Conduction blocks	2 (13%)
PAH requiring therapy	1 (6.7%)
Esophagitis	5 (33%)
ANA
positive	15 (100%)
anti-Scl-70 antibodies
positive	8 (53%)
anti-centromere antibodies
positive	5 (33%)

¹ n (%); median (IQR). SSc = systemic sclerosis; ILD = interstitial lung disease; PAH = pulmonary arterial hypertension; ANA = antinuclear antibodies.
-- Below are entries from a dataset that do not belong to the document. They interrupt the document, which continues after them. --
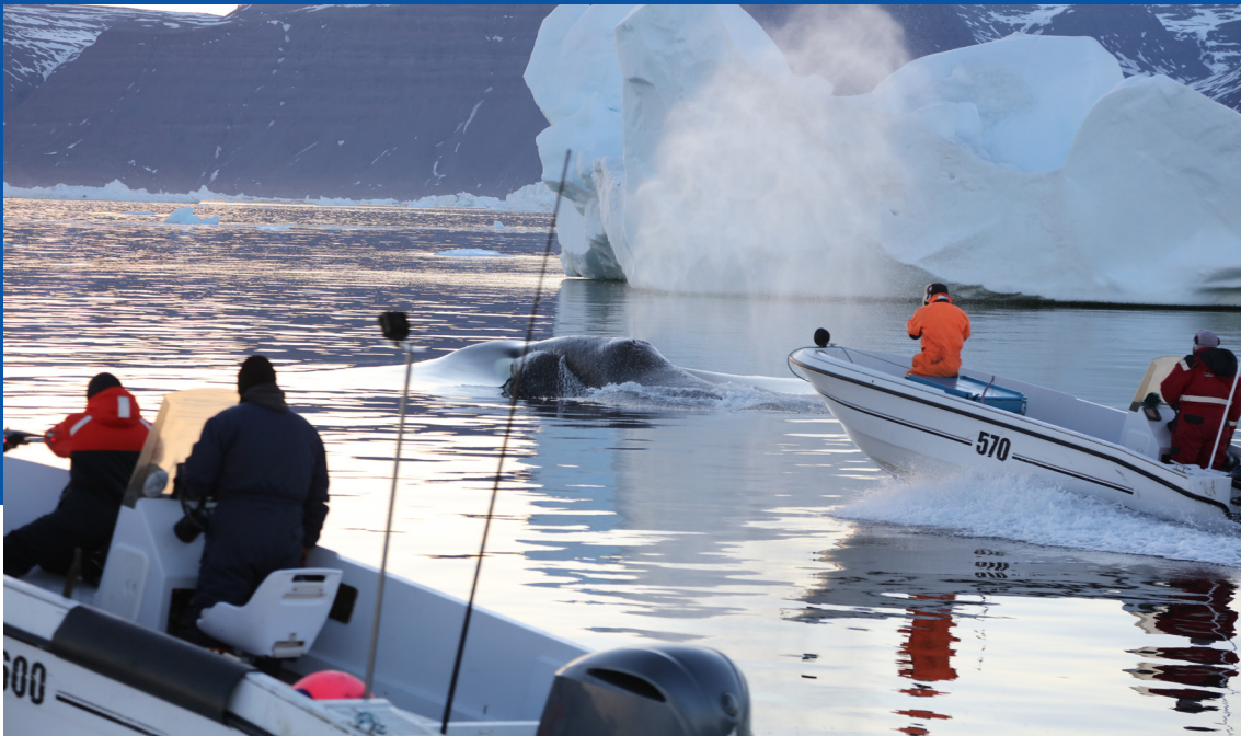
Ilisimatusartartut piniartullu Qeqertarsuarneersut ukiorpassuit ingerlaneranni suleqatigiillutik arfiivit ingerlaartarnerat qulaariartuarsimavaat.
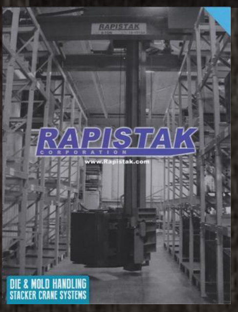
Die/Mold Management Systems
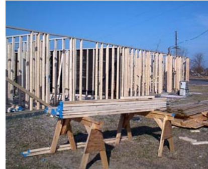
Mitigation tools include codes that require structures to be engineered to resist hurricane winds and earthquakes.
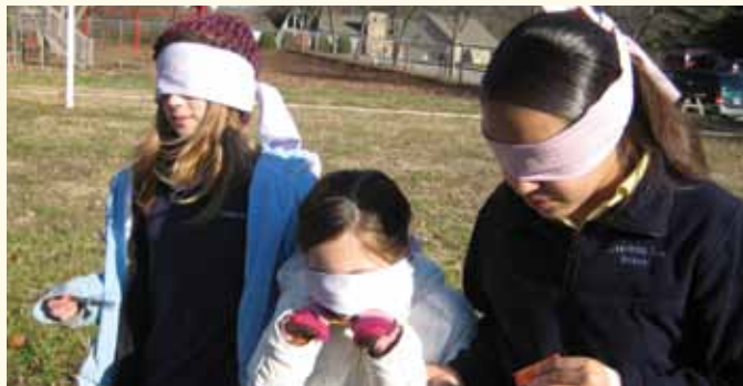
Students made unique, meaningful connections with God during the Spiritual Emphasis Week at Learning Tree Elementary School in Dalton, Ga. The Making Connections theme included team building, a variety of guest speakers, and a prayer room.
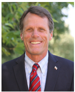
Sen. Ted Gaines Board of Equalization (1)
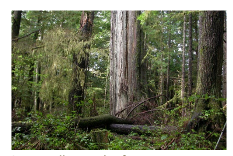
Structurally complex forest on state trust lands

DNR has made considerable progress on fulfilling this section of the proviso. To begin, DNR conducted a careful screening
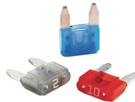
MINI® Series Blade Fuses Fuses sold separately
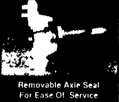
Removable Axle Seal For Ease Of Service

A subgroup of five patients exhibited a proteomic profile comparable to that of HCs. In this subset of study participants, the median and inter-quartile range (IQR) age was 42 (37, 51.5) years. According to the extent of skin involvement, three (60%) had dcSSc. The median disease duration was 2 (0.5, 4.5) years, with 3 (60%) of patients having early (≤3 years) disease. ILD was present on high-resolution computed tomography (HRCT) in two (40%) patients with SSc. A previous history of digital ulcers was registered in two (40%) patients. Cardiac involvement, PAH, and esophagitis did not occur in this cohort. Antinuclear antibodies (ANA) were positive in all patients, with three (60%) having anti-Scl-70 antibodies and two (40%) exhibiting anti-centromere antibodies.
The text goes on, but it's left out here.